Educational level and risk of chronic kidney disease: longitudinal data from the PREVEND study

Nephrol Dial Transplant. 2020 Jul 1;35(7):1211-1218. doi: 10.1093/ndt/gfy361.

Abstract

Background: The longitudinal association between low education and chronic kidney disease (CKD) and its underlying mechanisms is poorly characterized. We therefore examined the association of low education with incident CKD and change in kidney function, and explored potential mediators of this association.

Methods: We analysed data on 6078 participants from the community-based Prevention of Renal and Vascular End-stage Disease study. Educational level was categorized into low, medium and high (< secondary, secondary/equivalent, > secondary schooling, respectively). Kidney function was assessed by estimating glomerular filtration rate (eGFR) by serum creatinine and cystatin C at five examinations during ∼11 years of follow-up. Incident CKD was defined as new-onset eGFR <60 mL/min/1.73 m2 and/or urinary albumin ≥30 mg/24 h in those free of CKD at baseline. We estimated main effects with Cox regression and linear mixed models. In exploratory causal mediation analyses, we examined mediation by several potential risk factors.
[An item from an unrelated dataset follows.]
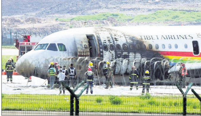
ନିଆଁ ଲାଗିବା ସହ ୪୦ରୁ ଅଧିକ ଆହତ ହୋଇଥିଲା। ବିମାନ ପୁଲ୍ କଲେଜରେ

ବେଳ୍, ୧୨/୫(ପି.ଟି.) ଚାଲିବା ବିମାନ ଦୁର୍ଘଟଣାରେ ୪୦ ଆହତ ହୋଇଥିଲା। ବିମାନଟି ଚାକିରିକରୁ ନିକଟି ଯିବାର ସମୟରେ ବିମାନ ଉଡ଼ାଣ ବେଳେ ରକ୍ତଓଷ୍ଣ ହେବା ପାଇଁ ବିମାନଟିରେ ନିଆଁ ଲାଗିଯାଇଥିଲା। ଗୁରୁବାର ଚାକିରିକରୁ ସହରେ ଏହି ଦୁର୍ଘଟଣା ଘଟିଛି। ୧୧୩ ଜଣ ଯାତ୍ରୀ ଓ ୯ କର୍ମଚାରୀଙ୍କ ସହ ତିନିଟି ବିମାନଟି ଚାକିରିକରୁ ନିକଟି ଯିବାର ସମୟରେ ବିମାନ ଉଡ଼ାଣ ବେଳେ ରକ୍ତଓଷ୍ଣ ହେବା ପାଇଁ ବିମାନଟିରେ ନିଆଁ ଲାଗିଯାଇଥିଲା। ଗୁରୁବାର ଚାକିରିକରୁ ସହରେ ଏହି ଦୁର୍ଘଟଣା ଘଟିଛି। ୧୧୩ ଜଣ ଯାତ୍ରୀ ଓ ୯ କର୍ମଚାରୀଙ୍କ ସହ ତିନିଟି ବିମାନଟି ଚାକିରିକରୁ ନିକଟି ଯିବାର ସମୟରେ ବିମାନ ଉଡ଼ାଣ ବେଳେ ରକ୍ତଓଷ୍ଣ ହେବା ପାଇଁ ବିମାନଟିରେ ନିଆଁ ଲାଗିଯାଇଥିଲା। ଗୁରୁବାର ଚାକିରିକରୁ ସହରେ ଏହି ଦୁର୍ଘଟଣା ଘଟିଛି।

Results: Incident CKD was observed in 861 (17%) participants. Lower education was associated with higher rates of incident CKD [low versus high education; hazard ratio (HR) (95% CI) 1.25 (1.05-1.48), Ptrend = 0.009] and accelerated eGFR decline [B (95% CI) -0.15 (-0.21 to -0.09) mL/min/1.73 m2/year, Ptrend < 0.001]. The association between education and incident CKD was mediated by smoking, potassium excretion, body mass index (BMI), waist-to-hip ratio (WHR) and hypertension. Analysis on annual eGFR change in addition suggested mediation by magnesium excretion, protein intake and diabetes.

Conclusions: In the general population, we observed an inverse association of educational level with CKD. Diabetes and the modifiable risk factors smoking, poor diet, BMI, WHR and hypertension are suggested to underlie this association. These findings provide support for targeted preventive policies to reduce socioeconomic disparities in kidney disease.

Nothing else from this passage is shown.